Thalia would have snorted at that, making such a ludicrous sound with her tiny Terran nose and sinus cavity.
“Impossible. The material needs to be tempered or it will crack, and that will cause a cascade—” Ren babbled, listing a series of mechanical failures that would prove fatal.
Havik ceased to listen. “Do it.”
He scooped up Stabs, clutching and hissing at the ball, and marched up the ramp.
Chapter 13
Thalia
The crew was less than warm with their greetings.
“Captain brought in another stray. This one won’t last a week,” a human man with a rough salt and pepper beard said. He looked like he fought hard in the battle of life but still lost.
“Please, question me some more,” Sue said, silencing the man with a look. “Dray, give her Paadric’s old cabin.”
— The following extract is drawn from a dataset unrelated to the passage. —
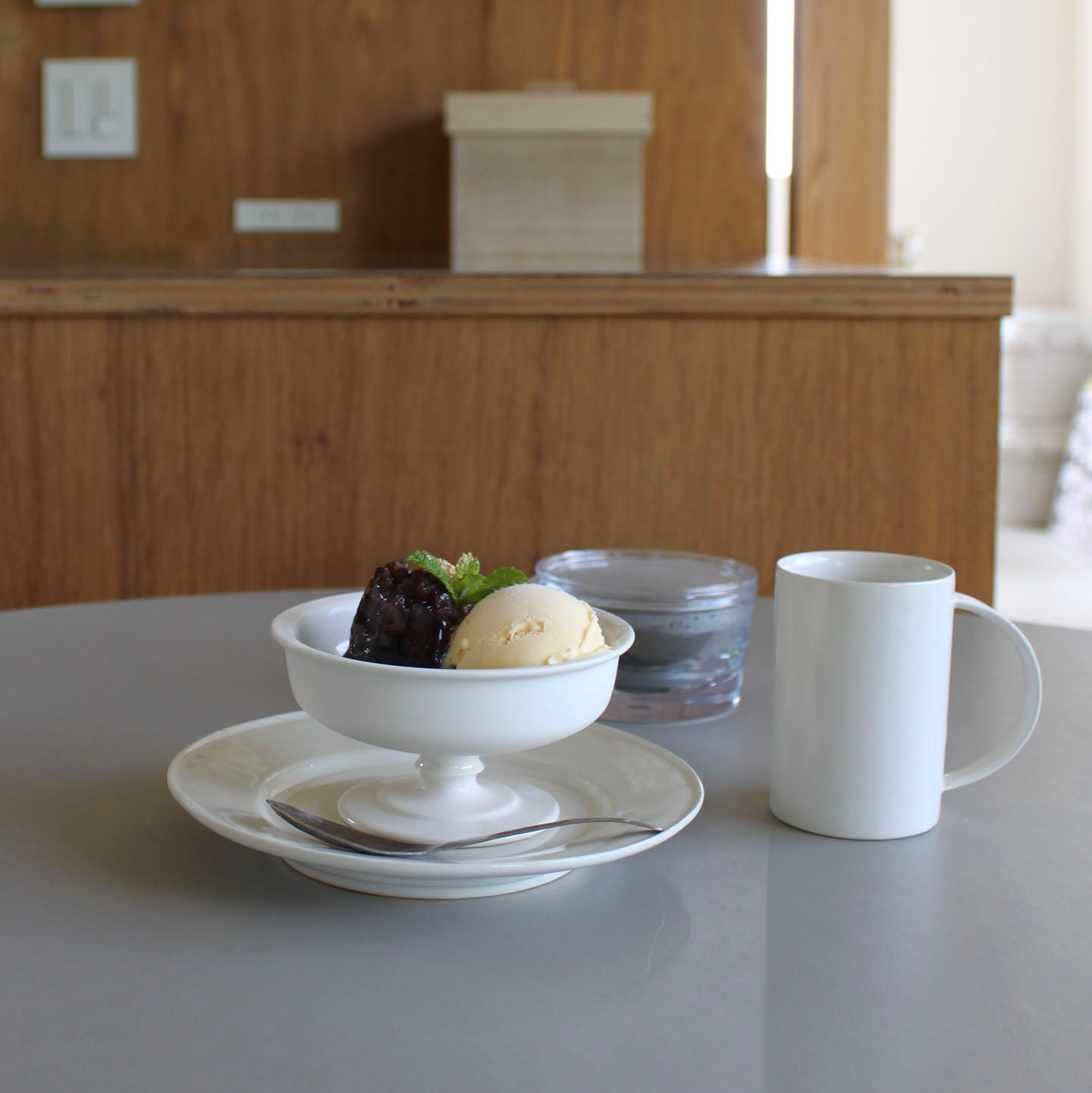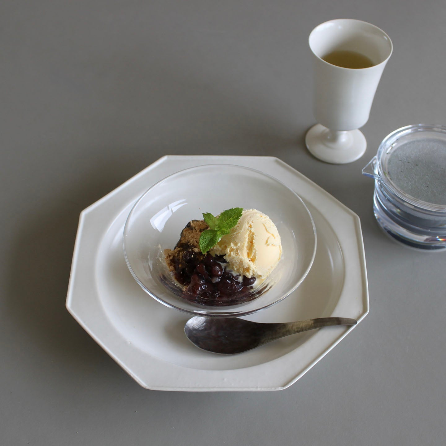 カップから器にわざわざ盛り付けて食べる。そのひと手間が、さらに美味しくいただけるポイントです。「寒天ぜんざい」にバニラアイスをトッピングしたら、立派なグラスデザートの出来上がり。

Dray, the other Sangrin male who had been at the bar, asked, “Do you have luggage or something?”
“What you see is what you get. I didn’t have time to pack a bag before I was asked to leave the ship,” Thalia said, trying to keep her voice light. She wanted the smuggler crew to underestimate her because you never question the motive of those you think of as harmless. If anyone questioned her, she’d have to spin a lie, and making up lies on the spot was harder than people thought.